It is not necessary for each of the listed circumstances to be satisfied in order for an interdependency relationship to exist.  There are circumstances in which it would be inappropriate to consider certain matters.  For example, it would not be relevant to consider whether there was a sexual relationship when determining whether an interdependency relationship existed between siblings.

Each of the matters listed is to be given the appropriate weighting under the circumstances.  The degree to which any matter is met or is present or not, as the case may be, does not necessarily of its own accord, confirm or preclude the existence of an interdependency relationship.

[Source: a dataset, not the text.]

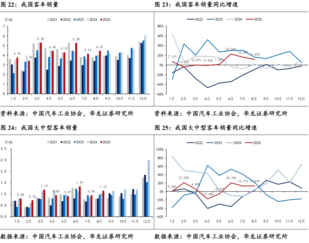 8月客车销量同比+11.63%。客车方面,据中汽协数据,2025年8月客车销量完成4.47万辆,同比+11.63%,环比+7.43%。2025年8月,大中型客车销量完成1.15万辆,同比+13.42%,环比+21.34%。客车销量环比实现止跌回升。

Generally speaking, it is not expected that children will be in an interdependency relationship with their parents.

Example

Daniel died at age 23, leaving behind a superannuation benefit of $30,000.  Daniel was not married, nor did he have any children, and lived with his parents and younger brother in his parent’s home.

Given that Daniel was 23, he and his parents had of course known each other for some time (subparagraph (1)(a)(i)).  While both parties may have intended to remain an important part of each other’s lives, it is reasonable to assume that the relationship would have changed significantly over time.  That is neither Daniel, nor his parents, would have expected to be providing each other the same level of domestic support and personal care that they did prior to Daniel’s death, for the next forty years, had he not died (subparagraphs (iv) and (viii)).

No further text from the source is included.